When I wasn't at work, I was in bed. I would rest or sleep until it was time to go back to work. I became a work-a-holic because it was fun until I couldn't figure out what to do next. I always had 10-12 event files on my desk. I could not figure out which file to open first. I became so overwhelmed that I would take a walk around the club house. I would visit the pro-shop & the dish washers - anyone I could find to talk to early in the morning. Then I would go back to my desk & try it again. I actually fired my assistant because she made a mistake. This is something I am ashamed of. I was trying to protect myself because she had to be better at my job than I was in order to protect me. She was a wonderful person but I would never have fired her under normal circumstances. I was not operating with a normal mind & I knew it. But I thought it would go away. I couldn't loose my job.

My boss brought the food & beverage manager into the office to assist me. I knew I wasn't fooling anyone. I had always been super on the job and I could barely function on the job now.

My boss called me into his office one day & very kindly suggested I needed help. He gave me the name & phone number of an intake counselor at a wonderful facility here in Atlanta. I went right away and this was the beginning of some very scary times for me but after ten years I am doing better than I ever dreamed I would or could.

The most difficult part for me was how my family responded to my "mental illness" to  my "depression" to my "Bipolar" and I've never told them about ADD! ha! There is nothing funny about what I have been through or what I have to do now but I have found a sense of humor is necessary for me.

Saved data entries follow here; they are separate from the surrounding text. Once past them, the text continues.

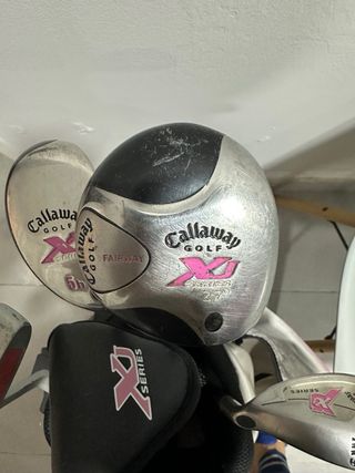 Set golf niña Callaway XJ Junior (5–8 años) 📄 DESCRIPCIÓN: Set de golf original Callaway XJ Hot Junior para niña (5–8 años), ideal para iniciarse o seguir progresando con material de alta calidad. Incluye 6 palos Callaway: Driver con funda Madera 3 Híbrido Hierro 7 Sand Wedge Putter (ligeramente personalizado con pintura, no afecta al rendimiento) Estado general muy bueno. Todo limpio, sin óxido, y con mucho uso por delante. Equipo pensado para niñas: ligero, cómodo y adaptado a su edad y altura. Precio en ti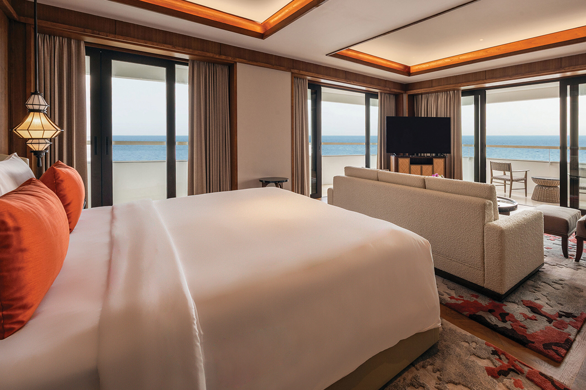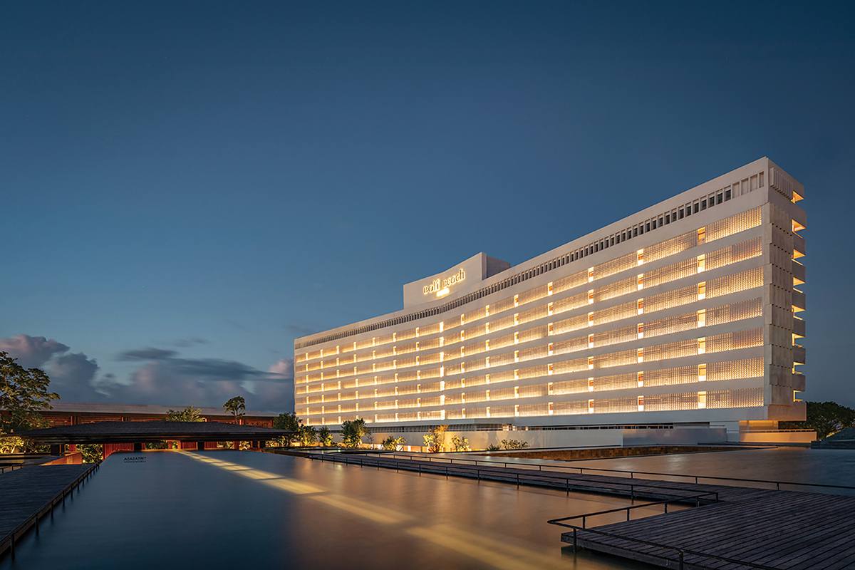 Located in prime beachfront land within The Sanur Special Economic Zone for Health and Wellness, the hotel offers 273 ocean-view rooms and suites. The restoration project, led by architects Gregorius Supie Yolodi and Maria Rosantina, preserves the essence of the original structure while enhancing it with contemporary design and functionality. The iconic tower retains its granite-textured and marble-painted façade, a timeless symbol of heritage and legacy. At the same time, the new tunnel-inspired lobby introduces a sleek architectural statement that complements the building’s heritage.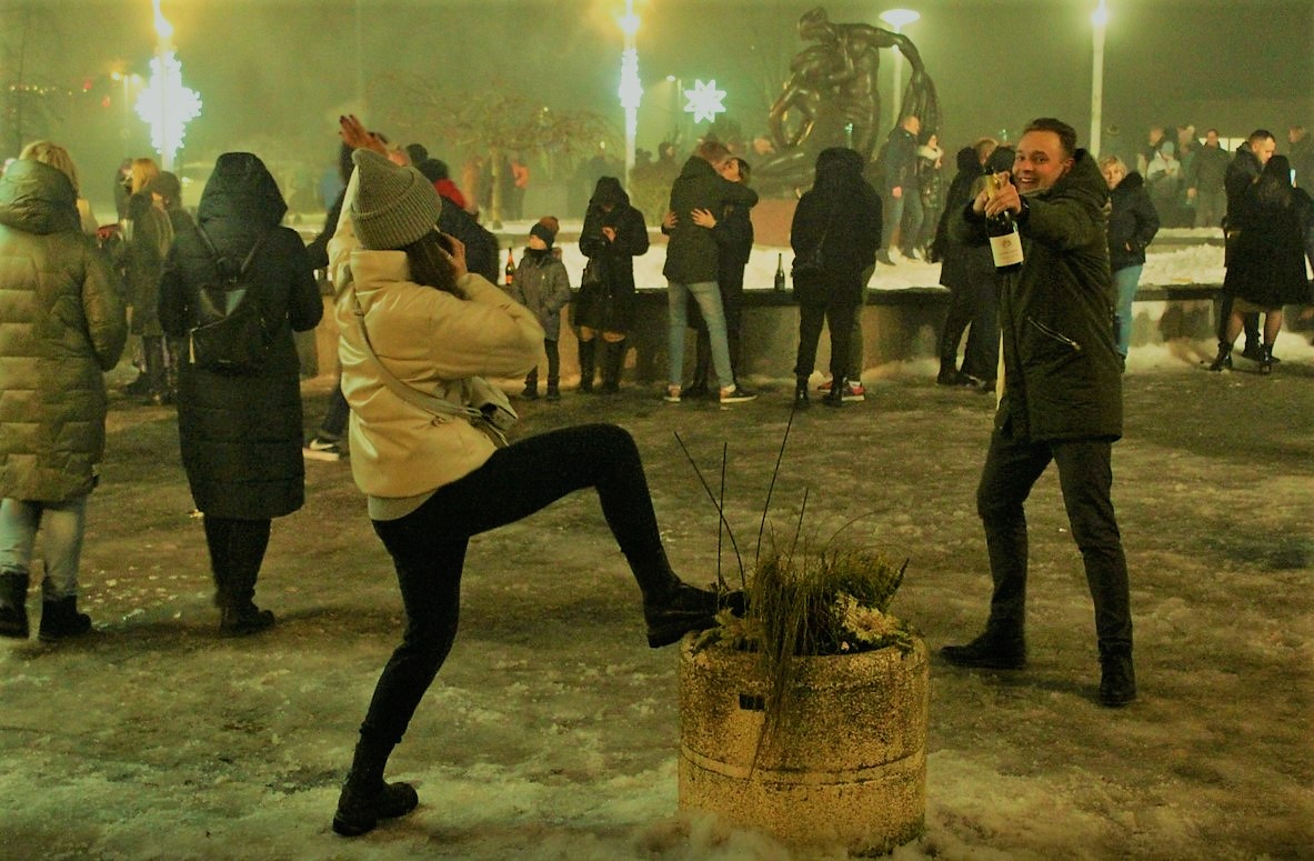 Paplūdimyje daugelis pasiruošė atsineštus pirktinius fejerverkus ir laukė vidurnakčio. Laikrodžiams mušant dvylika Jūratės ir Kastyčio skveras paskendo dūmuose, pokšėjo atkemšami putojančio vyno buteliai, publika glebėsčiavosi ir sveikino vieni kitus.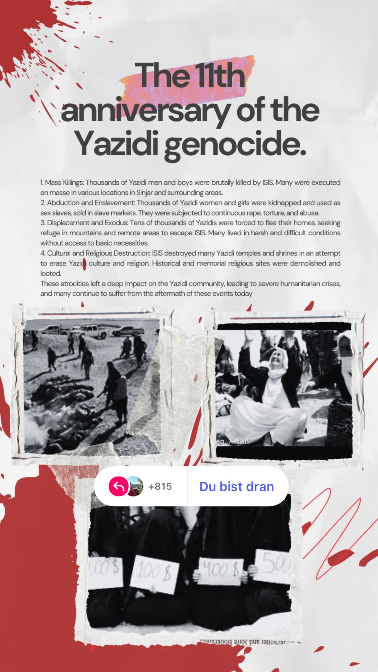 >>24934542 В смысле че за тряска? Тебе с английского перевести? 11-летие геноцида езидов ИГИЛом (запрещенная в РФ организация). Довольно нишевая вешь, просто так никто такое выкладывать не станет. 100% езид среди близкого круга.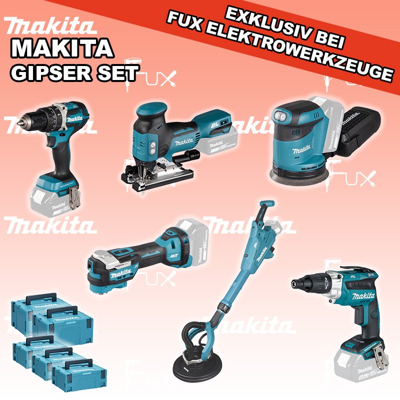 Das Ladenlokal bleibt vom 25. Dezember 2025 bis am 04. Januar 2026 geschlossen. Bestellungen und Lieferungen von Neugeräten werden trotz Ferienabwesenheit in gewohnter Fux-Manier entgegengenommen und ausgeliefert. Zu "Gipser Set" von Makita FUX SPECIAL EXKLUSIV BEI FUX Makita Gipser Set 12 SOLO Bestell- und Artikelnummer: maGipser Set 12 SOLO DHP484ZJ Akku-SchlagbohrschrauberAkkuspannung 18 V Drehzahlen 0-500 / 0-2000 U/min Drehmoment hart / weich 54 / 30 Nm Gewicht 1.6 kgInfos DFS251ZJ Akku-SchrauberAkkuspannung 18 V Drehzahl 0-2500 U/min Werkzeugaufnahme 1/4" (Innensechskant) Gewicht 1.5 kgInfos DSL801ZU Akku-LanghalsschleiferAkkuspannung 18 V Papierdurchmesser 225 mm Verstellbares Teleskoprohr mit 420 mm Spielraum Gewicht 5.8 kgInfos DBO180ZJ Akku-ExzenterschleiferAkkuspannung 18 V Exzenterhub 2,8 mm Schleifteller (Ø) 125 mm Gewicht 3.6 kgInfos DTM52Z Multifunktions WerkzeugAkkuspannung 18 V Schwingungen 10000 - 20000 min-1 Werkzeugaufnahme Starlock Max System Gewicht inkl. Akku 2.0 kg Infos DJV18ZJ Akku-StichsägeAkkuspannung 18 V Hubzahl 800 - 3500/ min Schnittleistung Holz 135 mm / Stahl 10 mm Gewicht 2.5 kgInfos MAKPAC Gr. 3Produktabmessung (L x B x H) 377 x 277 x 176 mm Infos Einsatz für DTM52 Einsatz für DTM52 Makpac Koffer Typ C (821551-8) Infos OHNE AKKUS UND LADEGERÄT Standard-Ausrüstung In diesem Set enthalten: DHP484ZJ Akku-Schlagbohrschrauber DFS251ZJ Akku-Schrauber DSL801ZU Akku-Langhalsschleifer DBO180ZJ Akku-Exzenterschleifer DTM52Z Multifunktions Werkzeug DJV18ZJ Akku-Stichsäge MAKPAC Gr. 3 Einsatz für DTM52 Geliefert im Koffer Zubehör Listenpreis CHF 2'056.00 Fuxpreis CHF 1'387.00 inkl. 8.1% MwSt, inkl vRG Versand CHF 20.00 Kein Grauimport! Produkt bestellen 1 Stück 2 Stück 3 Stück 4 Stück 5 Stück 6 Stück 7 Stück 8 Stück 9 Stück 10 Stück Option: Makita BL 1860 B ( Li-lon Akku ) für CHF 95.- statt CHF 124.-Infos Alle Angaben ohne Gewähr und solange Vorrat reicht!Wiederverkäufer werden? Produkt als PDF NEUHEITAKTION 32%

My oldest son told me that depression is not a medical illness while his wife said "yes, it is." My daughter called me "Elvis" because of all the meds I was taking. She will never know how much I would like to dump the meds. It is work to keep your medication organized & refilled. Then you have to remember to take it at a certain time each day & usually with food. Most people don't understand how important anti-depressants are to me.

Every single time I decide to skip a pill or run out of a prescription & skip a pill I find myself thinking about dying. I want to die. Then I remind myself that it is skipping the meds that cause me to feel this way. I am convinced 100% that if I stopped taking my meds I would want to or try to kill myself. I don't want to die, I want to live! I am beginning to feel so much better now. I am not going back where I was. I am not ashamed nor do I feel weak for taking my meds. I feel smart, I feel like I am enabling myself to attend my grand children's graduations & weddings. What would they think if I gave up? That keeps me going to my shrink more than anything on this earth.

It is very difficult being bipolar. I have to take Concerta now to "wake me up" because the Eskalith makes me so flat. But by sticking to the regiment I am beginning to reap some real benefits. I have a group of ladies in my home every Thursday night for a Bible study. I hadn't entertained in my home since 1998! They are new friends and they accept me just the way I am & I them too! It is so wonderful.